> TASK DETAILS
Could you restate word for word each line from the top of the listing below through the line containing "USGS research vessel"? Keep the pictures out.

> RECORDS FOR THIS TASK
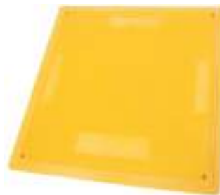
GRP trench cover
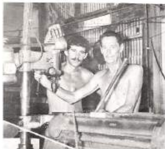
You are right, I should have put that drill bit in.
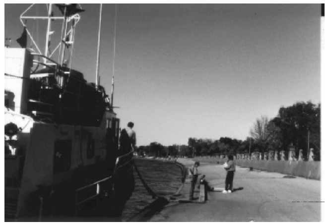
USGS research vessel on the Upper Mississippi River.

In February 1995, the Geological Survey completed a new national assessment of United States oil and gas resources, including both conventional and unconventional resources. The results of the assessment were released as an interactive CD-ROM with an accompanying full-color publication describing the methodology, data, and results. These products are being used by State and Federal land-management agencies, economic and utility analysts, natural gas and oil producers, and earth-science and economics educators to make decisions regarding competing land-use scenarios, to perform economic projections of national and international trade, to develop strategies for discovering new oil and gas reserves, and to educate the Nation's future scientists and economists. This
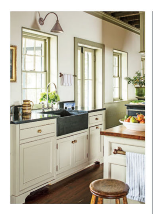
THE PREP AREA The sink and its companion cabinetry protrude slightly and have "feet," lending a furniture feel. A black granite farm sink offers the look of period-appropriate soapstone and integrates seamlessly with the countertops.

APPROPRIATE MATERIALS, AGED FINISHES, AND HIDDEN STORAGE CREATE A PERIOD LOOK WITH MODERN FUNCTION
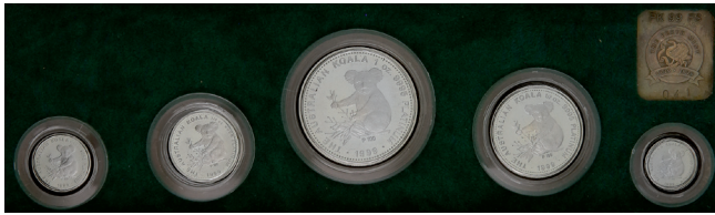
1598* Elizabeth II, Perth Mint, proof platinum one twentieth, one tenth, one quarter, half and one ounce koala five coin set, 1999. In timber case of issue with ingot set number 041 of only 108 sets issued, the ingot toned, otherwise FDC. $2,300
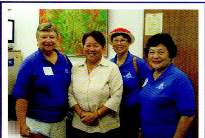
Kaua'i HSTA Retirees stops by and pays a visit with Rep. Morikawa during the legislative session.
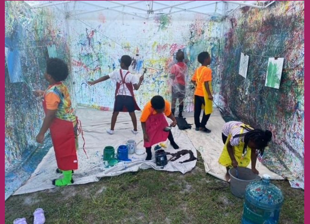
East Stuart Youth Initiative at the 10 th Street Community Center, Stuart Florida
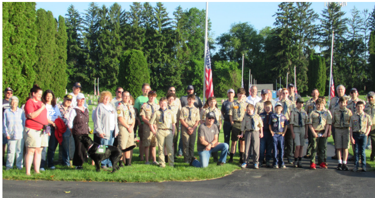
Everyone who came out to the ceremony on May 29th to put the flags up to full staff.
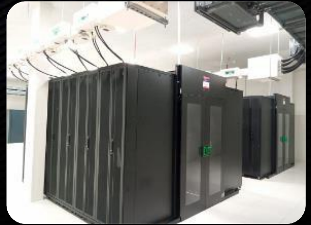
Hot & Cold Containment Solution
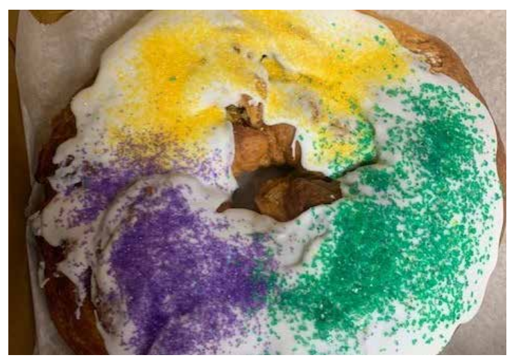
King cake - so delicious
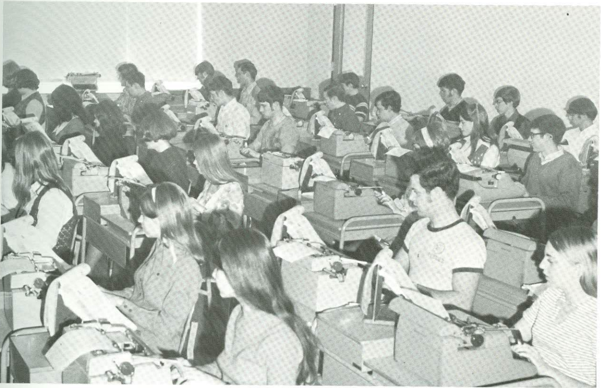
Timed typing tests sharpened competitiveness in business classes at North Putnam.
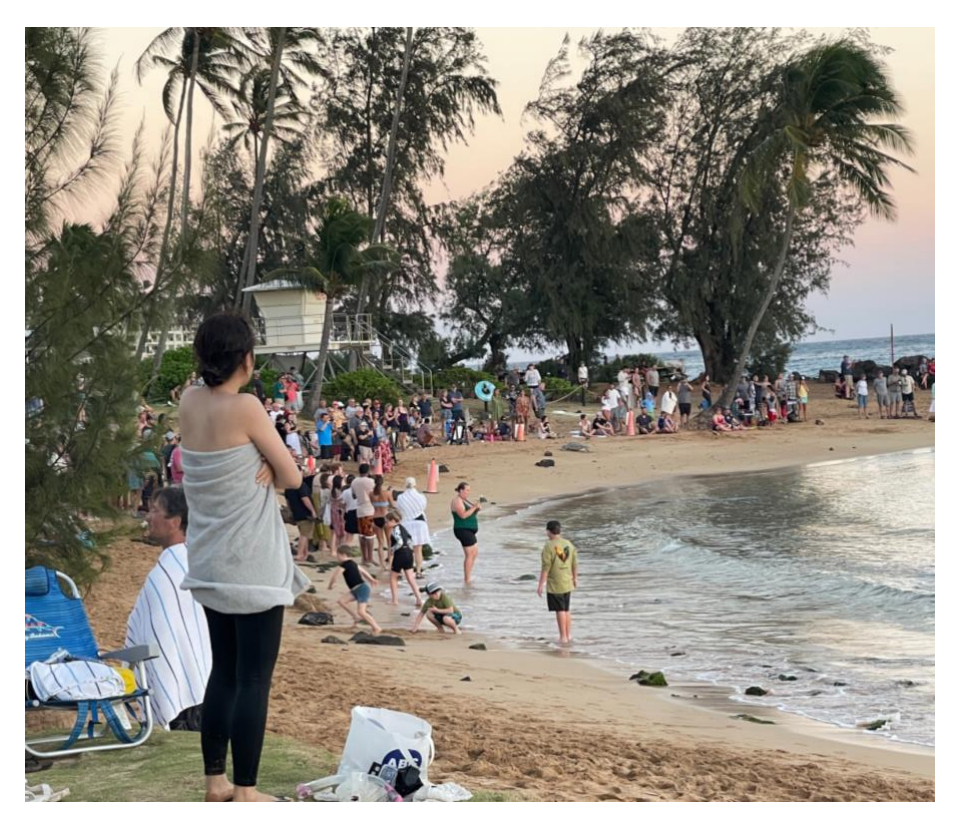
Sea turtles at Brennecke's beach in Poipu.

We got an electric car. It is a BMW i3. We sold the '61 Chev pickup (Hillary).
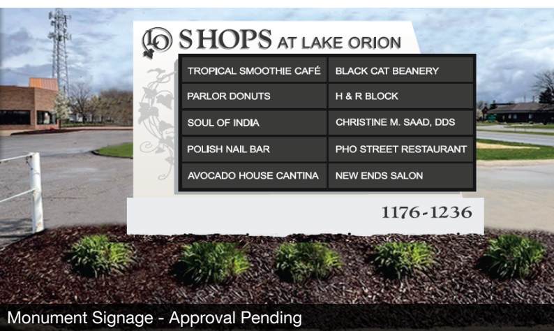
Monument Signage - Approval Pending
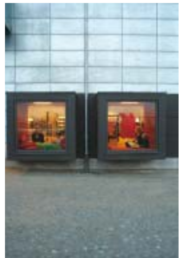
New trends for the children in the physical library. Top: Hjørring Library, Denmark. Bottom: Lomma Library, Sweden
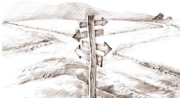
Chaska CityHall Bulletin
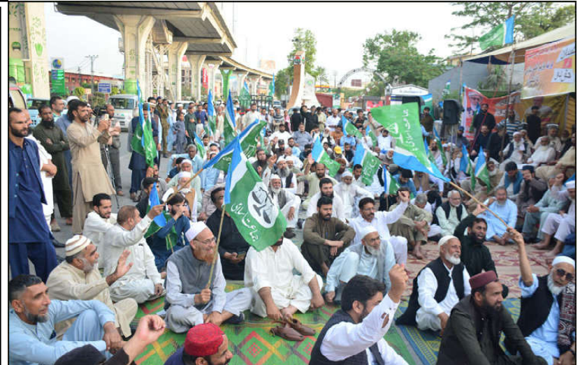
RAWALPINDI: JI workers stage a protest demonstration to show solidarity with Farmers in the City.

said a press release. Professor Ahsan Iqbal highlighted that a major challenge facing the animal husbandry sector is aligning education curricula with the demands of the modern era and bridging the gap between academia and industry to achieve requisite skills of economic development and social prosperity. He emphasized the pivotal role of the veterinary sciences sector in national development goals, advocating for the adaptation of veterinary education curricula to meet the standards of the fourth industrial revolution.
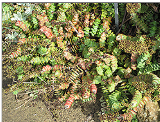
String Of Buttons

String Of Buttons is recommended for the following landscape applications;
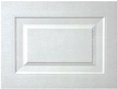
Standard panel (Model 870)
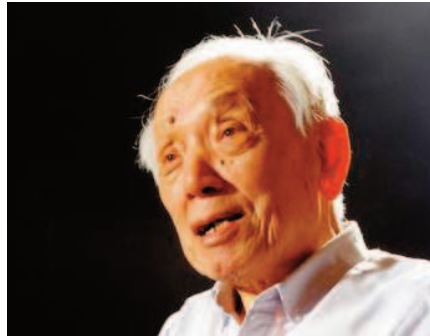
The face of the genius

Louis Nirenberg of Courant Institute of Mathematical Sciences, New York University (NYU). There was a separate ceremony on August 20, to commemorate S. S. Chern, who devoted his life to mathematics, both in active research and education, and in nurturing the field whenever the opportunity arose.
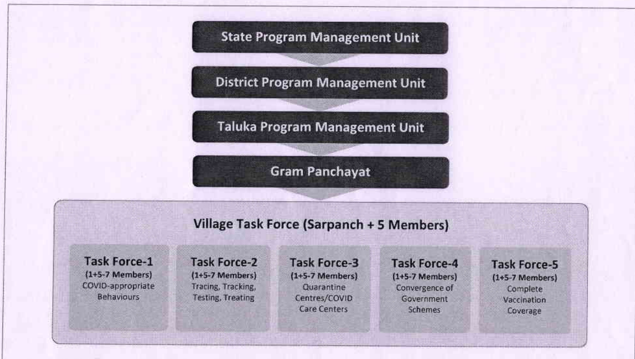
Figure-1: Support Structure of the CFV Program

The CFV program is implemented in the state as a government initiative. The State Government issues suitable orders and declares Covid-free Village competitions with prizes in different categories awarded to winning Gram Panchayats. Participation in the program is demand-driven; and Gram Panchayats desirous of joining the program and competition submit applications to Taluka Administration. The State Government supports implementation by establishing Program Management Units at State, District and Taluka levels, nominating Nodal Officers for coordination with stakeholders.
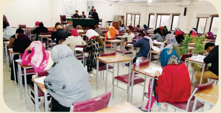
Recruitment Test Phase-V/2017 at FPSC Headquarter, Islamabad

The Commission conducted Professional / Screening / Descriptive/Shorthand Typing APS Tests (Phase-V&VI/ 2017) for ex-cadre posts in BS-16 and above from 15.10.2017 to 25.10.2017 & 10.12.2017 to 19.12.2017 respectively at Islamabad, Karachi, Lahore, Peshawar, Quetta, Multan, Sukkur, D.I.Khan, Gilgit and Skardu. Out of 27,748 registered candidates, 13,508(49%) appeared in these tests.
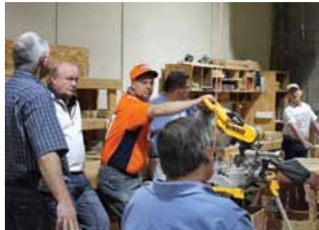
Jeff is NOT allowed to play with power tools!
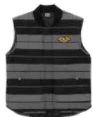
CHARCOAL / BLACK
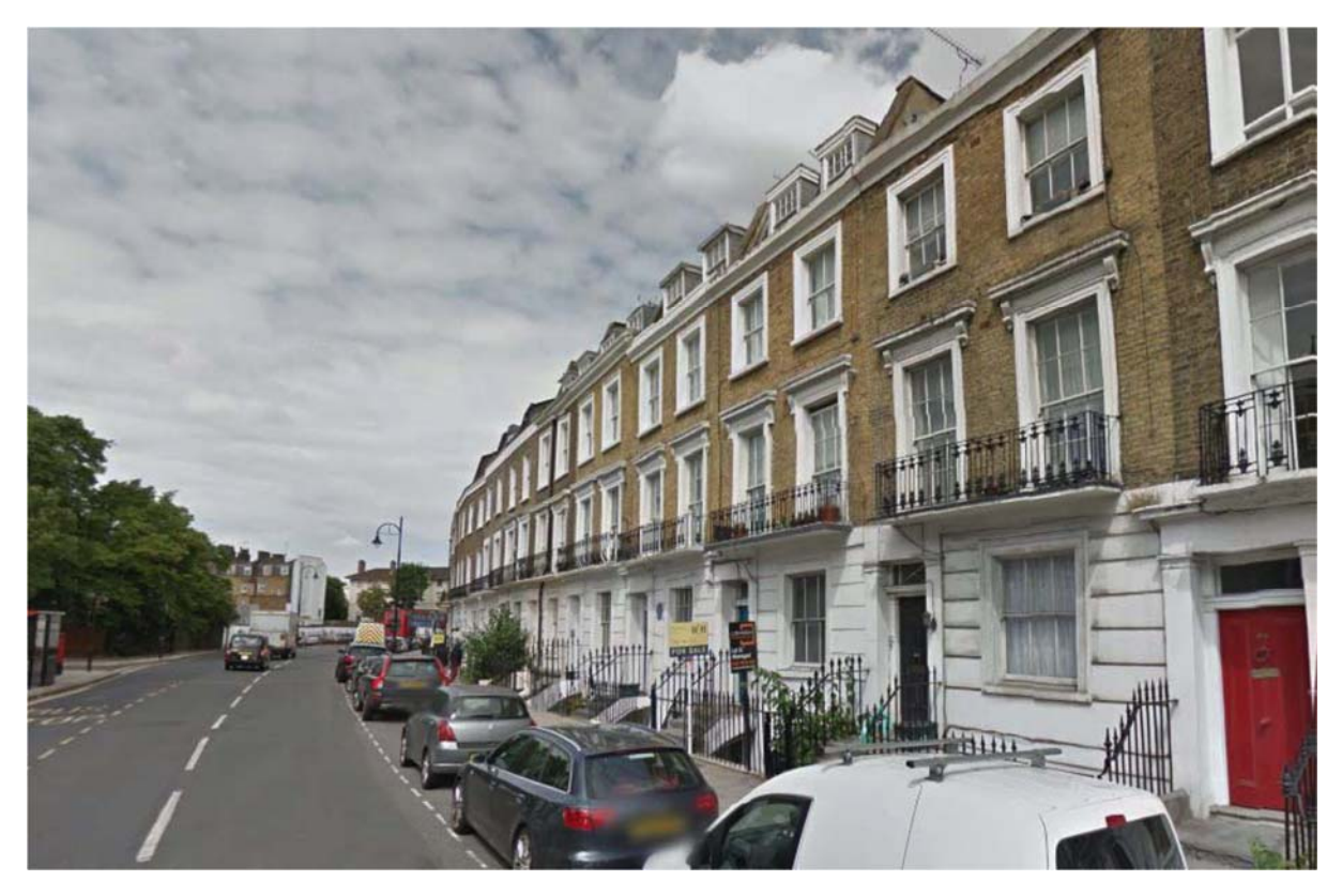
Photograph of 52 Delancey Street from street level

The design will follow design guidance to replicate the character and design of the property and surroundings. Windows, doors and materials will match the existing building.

> RESPONSE AREA
GRP trench cover
You are right, I should have put that drill bit in.
USGS research vessel on the Upper Mississippi River.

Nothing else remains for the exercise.